Sesungguhnya, fungsi dari pengetahuan akan hukum terkait suatu masalah, agar kita dapat menentukan sikap, jika haram maka kita jauhi. Jika halal, tak berarti harus melakukannya. Tentulah kita menghukumi ini haram dan itu halal, harus berdalil atau didasari oleh sumber-sumber hukum; Alquran, Sunnah dan lainnya. Selain itu, pengertian mutah, aturan dan semua permasalahan yang terkait dengan syariat menjadi urusan fikih.
Apa Mutah itu?
Mutah atau nikah mu`aqqat (sementara waktu) atau akad munqathi (temporal), semuanya berarti yang sama. Yaitu, pernikahan syari untuk masa yang dibatasi. Empat mazhab; Hanafi, Maliki, Syafii dan Hanbali tidak membedakan nikah mu`aqqat dengan nikah mutah. Meski dikatakan bahwa yang masyhur di kalangan Hanafiyah, disyaratkan dalam nikah mutah lafaznya, dengan mengatakan kepada si perempuan: Mattiîni bi nafsiki atau Atamatta biki atau Mattatuki bi nafsi.
Dalam fikih Ahlulbait, disyaratkan dalam akad mutah:
1-Ijab dan qabul. Dalam ijab, si perempuan mengatakan: Matta`tuka, atau zawwajtuka, atau ankahtuka nafsi. Sedangkan dalam qabul, si laki mengatakan: Qabiltu dan semacamnya.
2-Menyebutkan mahar.
3-Menyebutkan masa tertentu tak lebih dari usianya dua belah pihak. (Sampai di sini titik, menurut fikih Ahlulbait)

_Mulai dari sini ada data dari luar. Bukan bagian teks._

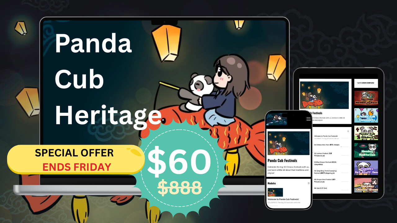 Trial membership: Online Access to all our e-courses, including Festivals, C-Drama, Jie Qi, and more! If after 30 days you find this isn't for you, we'll refund your membership fee.Â

Mutah itu dengan akad nikah dengan masa yang ditentukan, seperti mengatakan kepada si perempuan: Zawwijîni nafsaki –syahran; artinya, Kawini saya denganmu selama sebulan (misalnya). Atau, Tazawwajtuki sanah; artinya, Aku nikahi kamu selama setahun (misalnya), dan atau lafaz-lafaz semacamnya. Baik yang demikian diucapkan di depan saksi-saksi dan dengan kehadiran wali, ataupun tidak.

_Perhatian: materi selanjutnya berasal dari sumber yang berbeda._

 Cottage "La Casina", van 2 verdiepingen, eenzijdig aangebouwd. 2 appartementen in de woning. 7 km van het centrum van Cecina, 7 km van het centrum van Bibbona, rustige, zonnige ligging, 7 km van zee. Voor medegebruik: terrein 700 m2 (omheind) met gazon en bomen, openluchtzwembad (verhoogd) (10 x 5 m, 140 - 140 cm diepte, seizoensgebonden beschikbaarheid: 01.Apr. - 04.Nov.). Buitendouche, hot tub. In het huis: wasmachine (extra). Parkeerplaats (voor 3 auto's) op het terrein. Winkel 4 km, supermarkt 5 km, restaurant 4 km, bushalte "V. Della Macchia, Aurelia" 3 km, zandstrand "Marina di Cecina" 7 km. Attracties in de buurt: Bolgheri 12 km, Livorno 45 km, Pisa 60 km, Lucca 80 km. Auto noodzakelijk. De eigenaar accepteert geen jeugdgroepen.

Nikah mutah, mau dikatakan sama ataupun beda dengan nikah muwaqqat, disepakati adalah batil (tidak sah). Namun, semua ulama Imamiyah (Ahlulbait) dan sebagian ulama Ahlussunnah mengatakan bahwa akad munqathi (mutah) adalah boleh (yakni, sah).
Asbabul Wurud Nikah Mutah
Dalam kitab al-Fiqh ala al-Madzahib al-Arbaah wa Madzhab Ahlilbait menyebutkan dua hal yang dihadapi muslimin pada masa awal Islam (yang dipahami penulis sebagai pengantar pada legalitas mutah secara syari), sehingga sulit bagi mereka menyempatkan diri- untuk melakukan pernikahan dan membina rumah tangga:
1-Mereka dalam minoritas yang mengharuskan perang secara berkesinambungan dengan musuh-musuh mereka.
2-Mereka ditimpa krisis ekonomi.
Selain itu, belum lama bagi mereka masa sebelum Islam (yakni masa Jahiliyah) yang di dalamnya ketika itu mereka mempunyai kebiasaan-kebiasaan buruk, seperti syahwat yang tak terkontrol terhadap kaum wanita. Satu orang jika mau bisa bermain dengan beberapa wanita sekaligus dan melampiaskan nafsunya. Lalu bagaimana dengan keadaan mereka yang sedang berperang setelah itu? Dalam kondisi demikian datanglah pensyariatan untuk sementara waktu, yang memecahkan problem mereka itu. Yaitu nikah mutah.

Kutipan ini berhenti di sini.